China to Eliminate Tariffs on Canadian Canola Meal and Peas from March 1, 2026
The Ministry of Finance of China has announced the elimination of some tariffs on agricultural imports from Canada. According to the new decision, starting from March 1, 2026, 100% tariffs on Canadian canola meal and peas will be abolished. Additionally, the 25% tariff on the import of lobsters and crabs will be reduced. This easing will remain in effect until the end of 2026, which is expected to significantly impact the income of Canadian farmers.
This is reported by AgroReview
The Issue of Canola Seeds Remains Open
Despite the positive changes, the most important issue for Canada — the tariff on canola seeds — was not mentioned in the statement from the Chinese agency. Ottawa had hoped for a reduction of the tariff rate from 84% to 15%, but there is currently no specific information. The investigation into the import of canola seeds into China is ongoing and is expected to conclude on March 9. At that time, more information regarding the next steps on this issue is likely to emerge.
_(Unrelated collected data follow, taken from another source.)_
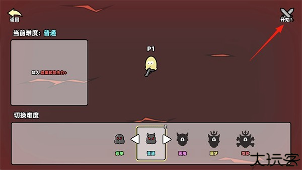 6、切换难度,点击右上角开始。
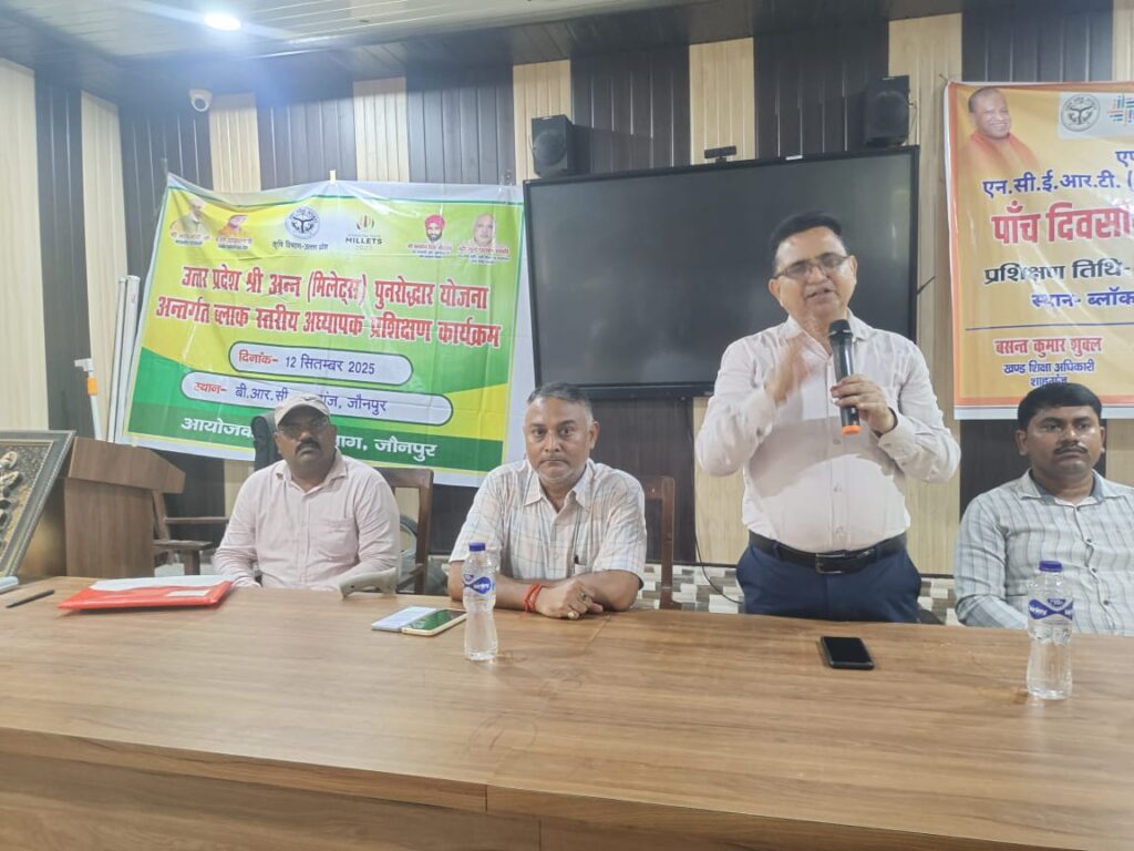 जौनपुर – कृषि विभाग द्वारा शुक्रवार को विकास खण्ड शाहगंज स्थित बी0आर0सी0 सभागार में उत्तर प्रदेश मीलेट्स पुनरोद्धार योजना अन्तर्गत स्कूल अध्यापकों का प्रशिक्षण कार्यक्रम आयोजित किया गया जिसमें श्री अन्न के महत्व एवं उपयोगिता से अध्यापकों को प्रशिक्षित किया गया।
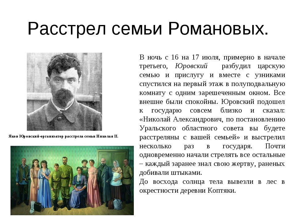 Собрав царских особ в подвале, комендант Яков Юровский, которому поручено организовать расстрел, зачитал вслух смертный приговор Уральского исполнительного комитета собравшимся царским особам и их верным слугам, все еще протирая ото сна глаза.
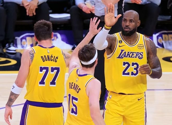 本赛季,卢卡出战64场,场均33.5分(联盟第1)+7.7篮板+8.3助攻(联盟第4)+1.6抢断(联盟第6)+4记三分球(联盟第1)。据NBA官网数据统计,当卢卡出战时,湖人队本赛季战绩为43胜21负,胜率高达67.2%;当卢卡缺阵时,湖人队本赛季战绩仅为7胜6负,胜率仅为53.8%。从某种意义上讲,卢卡的腿筋拉伤了,略等于湖人队的天塌了一半!如果湖人队想等来卢卡季后赛复出,里夫斯和老詹必须要共同扛起原本属于卢卡的重担。
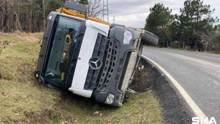 Olay, dün 11.00 sıralarında Sarıyer Kısırkaya Mahallesi'nde meydana geldi. Edinilen bilgiye göre yakınlarda bulunan bir inşaat alanında görevli hafriyat kamyonu malzemelerini aldıktan sonra yola çıktı. Dar ve zikzaklı yolda giden kamyon karşıdan gelen otomobilin hatalı sollaması nedeniyle bir anda manevra yaparak yola devrildi. Şans eseri kazada kimse yaralanmadı. Kamyonet sürücüsü Rıdvan Dere, 'Araba sollayınca ben de arabayı kaptırdım buraya lastiğin tekini, dönüşe verdim sola doğru arabayı aldım aşağıya sağa. Bende çok şükür bir şey yok arabada zarar var lastikler gitti hep' dedi.
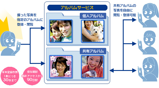 *AzbyMobile会員で、JPEG対応iモード携帯電話ユーザーであれば、共有アルバムの写真を閲覧できます。
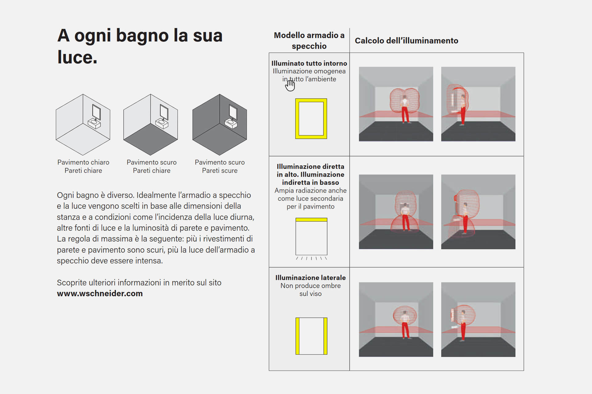 - I modelli Easy-Line di Schneider comprendono armadietti per specchi di alta qualità con illuminazione LED a 3000 Kelvin (bianco caldo) o 4000 Kelvin (bianco neutro)
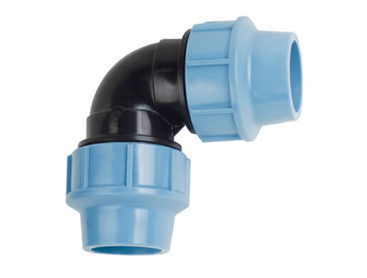 PP compression fittings 90°elbow is designed to connect the plastic pipe to another at a 90°angle.The mechanical connection can be done easily and quickly without glue or butt fusion.
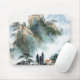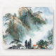 Japanisches Aquarell in den beruhigenden Schatten, die einen Berg, die Basis Nebel atits und ein Haus an der Basis von ihr zeigen
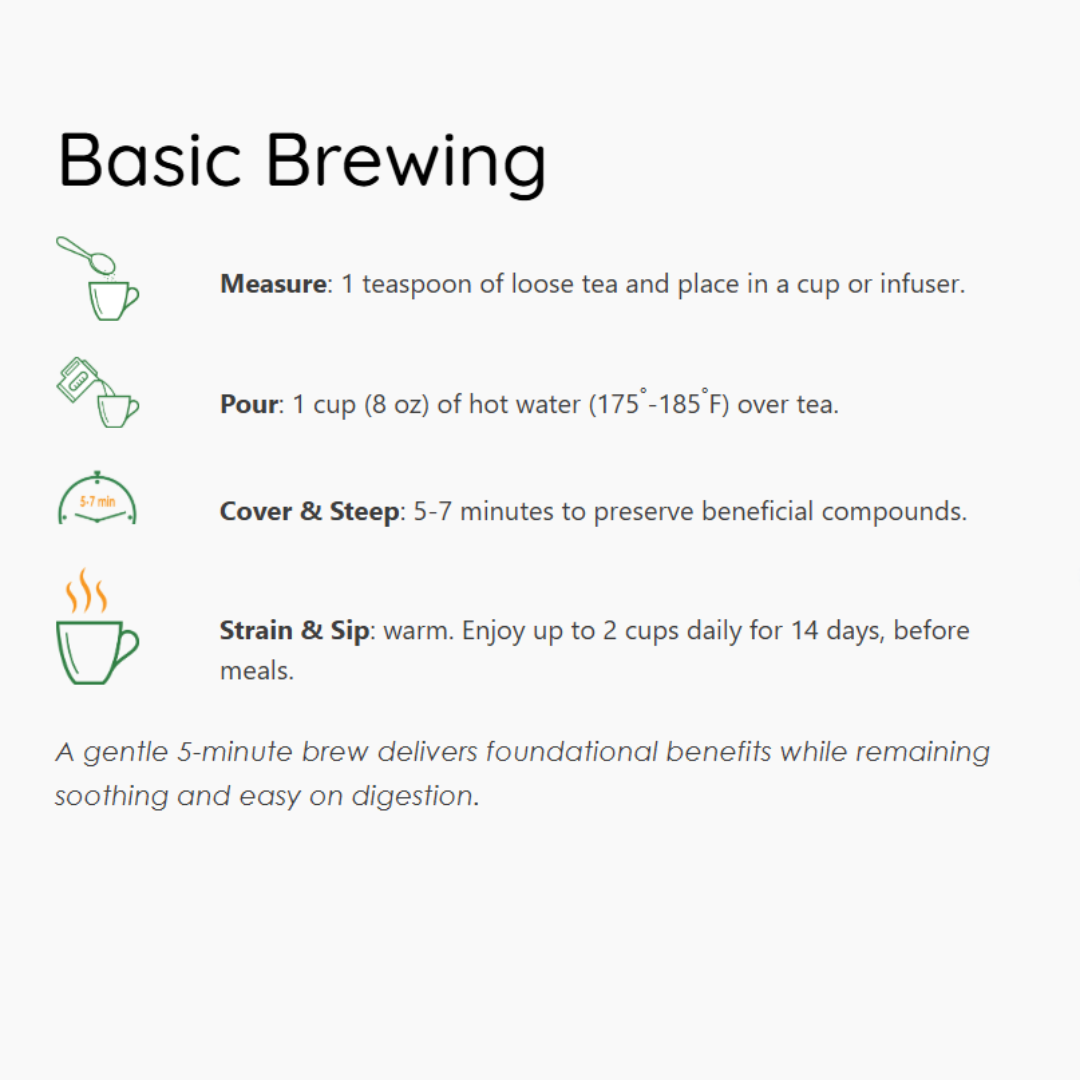 Your ParaCleanse experience is fully customizable. A quick 5-7-minute steep offers gentle daily maintenance, while a 12-24-hour cold steep or finely ground preparation delivers deeper, more intensive cleansing. Adjust strength and duration to your comfort level. True cleansing works best when it aligns with your body's rhythm. The longer the herbs steep, or the finer they're ground, the stronger the cleansing and detoxifying effects become.
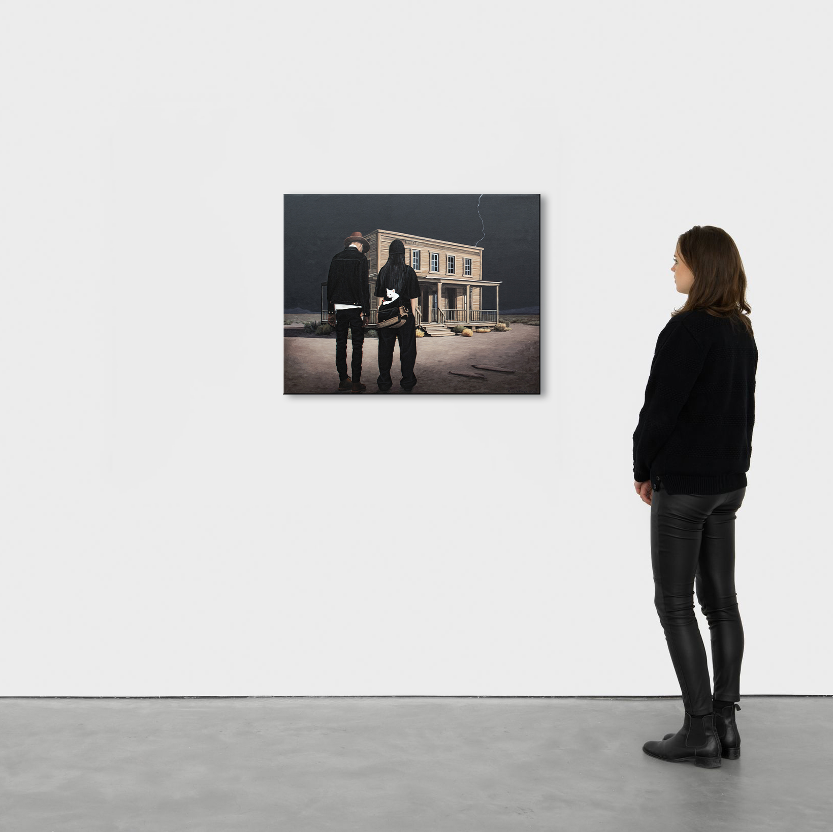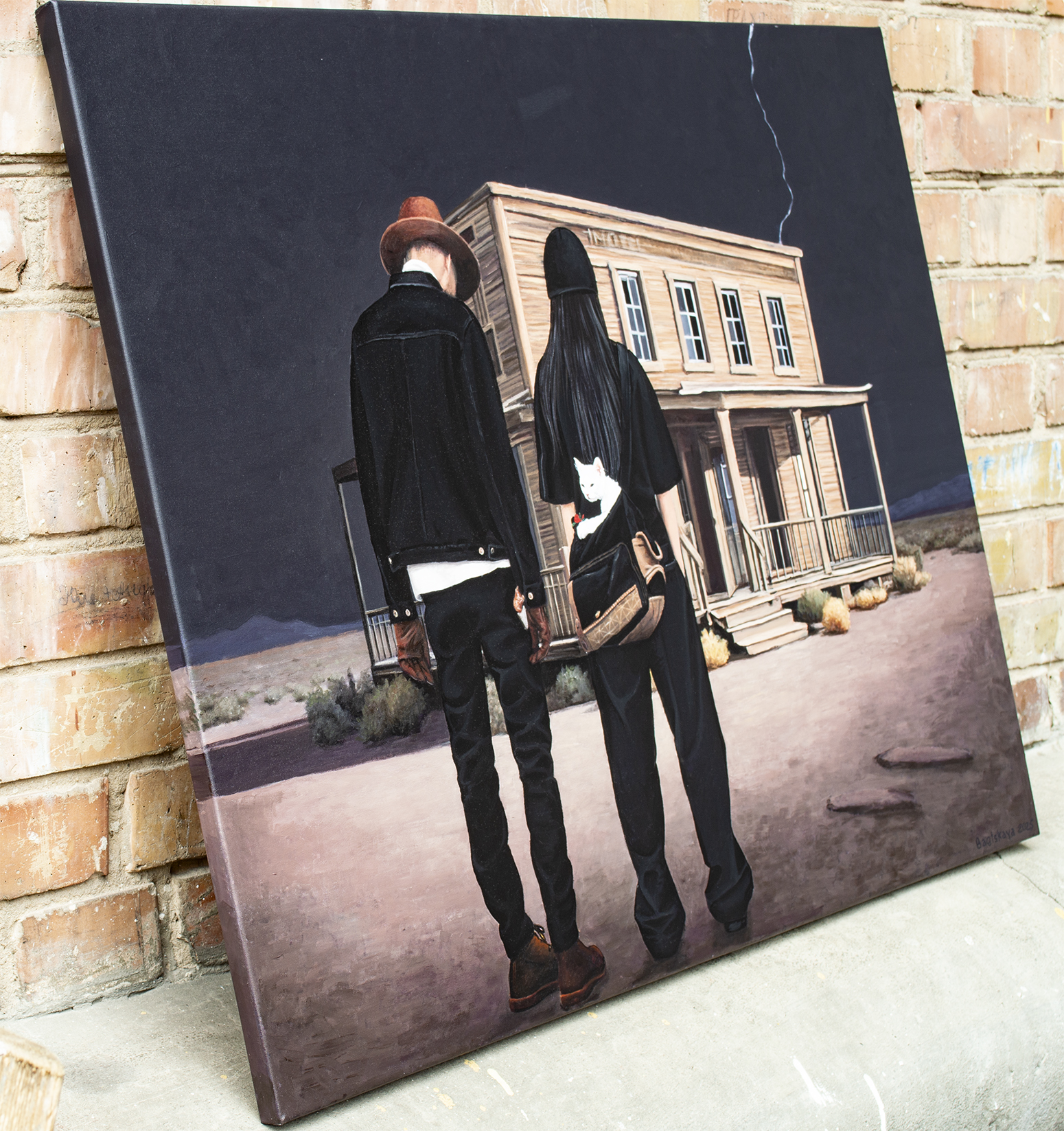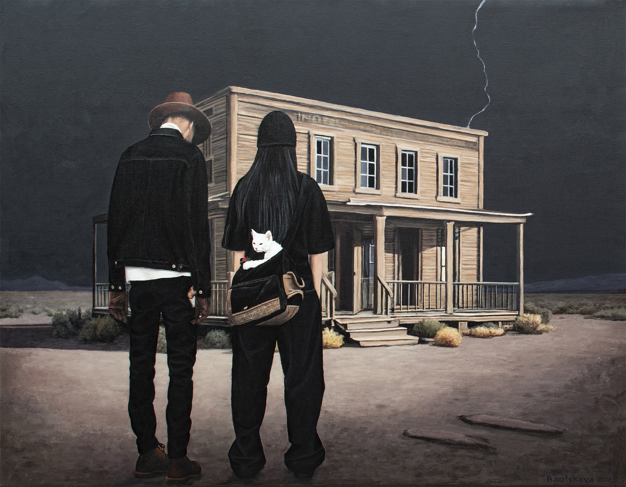 Przed Tobą tajemnicza scena, która hipnotyzuje od pierwszego spojrzenia. Pod pochmurnym, burzowym niebem, przeciętym perłową błyskawicą, stoją dwie postaci przed starym, opuszczonym drewnianym budynkiem przypominającym saloon z dzikiego zachodu. Ich ciemne sylwetki kontrastują z surowym, wysuszonym krajobrazem, a biały kot cicho obserwuje z torby jednej z nich — mały, milczący świadek tej dramatycznej chwili. To dzieło to nie tylko obraz, to okno do świata napięcia, tajemnicy i nieznanego. Tutaj łączy się realizm z surrealizmem, tworząc atmosferę, w której każdy szczegół, każda faktura drewna czy fałda ubrania przemawia językiem emocji i opowieści. Poczuj delikatne dreszcze „thrillu” i jednocześnie chłód samotności, które przenikają się w tej kompozycji. Technika, jaką wykonano ten arcydzieło, jest bezbłędna: włoskie płótno Unico, holenderskie farby akrylowe Amsterdam, satynowy lakier podkreślający głębię kolorów i chroniący dzieło na lata. Krawędzie obrazu pomalowane są na kolor tła, dlatego nie wymaga dodatkowej oprawy. Praca należy do serii "Life in Avatar", jest sygnowana z obu stron i posiada certyfikat autentyczności. Kupując ten obraz, zyskujesz nie tylko dzieło sztuki, ale cały wszechświat, który zaprasza do refleksji: kim są te postacie? Co je tutaj przywiodło? I jakie będzie dalsze rozwinięcie tej tajemniczej historii, którą odkryjesz właśnie Ty?

Market Impact and Ukraine’s Position
The market reaction was swift: Chinese importers have already begun booking shipments of Canadian canola for March, without waiting for official documentation. This indicates confidence in the further easing of trade conditions between China and Canada.
Experts attribute these moves by Beijing to the political tensions in relations with the United States following Trump’s return to power; China is trying to strengthen cooperation with Western countries, choosing partners that are not linked to Washington. Canada, the second-largest market for canola in 2024, holds a significant place in this strategy.
It is worth noting that during negotiations, Canadian Prime Minister Mark Carney offered China a preferential regime for 49,000 Chinese electric vehicles in the Canadian market — with a tariff of only 6.1%. This reflects the bilateral nature of the trade agreements.
“If Beijing indeed eases conditions for Canadian canola and redirects its demand northward, competition in Asian markets for Ukraine will increase. Canadian grain could displace some of the Ukrainian volumes, especially if the tariff on canola seeds is reduced from 84% to 15%.”
Ukraine is one of the largest global producers and exporters of canola. Changes in China’s trade policy could affect the positions of Ukrainian farmers in Asian markets, and increased competition will create new challenges. At the same time, the overall revival of trade between China and the West has the potential to push canola prices upward, opening additional opportunities for exporters from Ukraine.
In the context of the war, Ukraine is actively seeking new markets for agricultural products, and China remains a promising direction. Beijing’s diplomatic activity towards other countries is a signal for Kyiv to promote Ukrainian agricultural exports more vigorously in the region.
The conclusion of the investigation into the import of canola seeds is scheduled for March 9. This date is crucial for the future of the global canola market and could mark a turning point for Ukrainian farmers — both in terms of competition and the opening of new opportunities.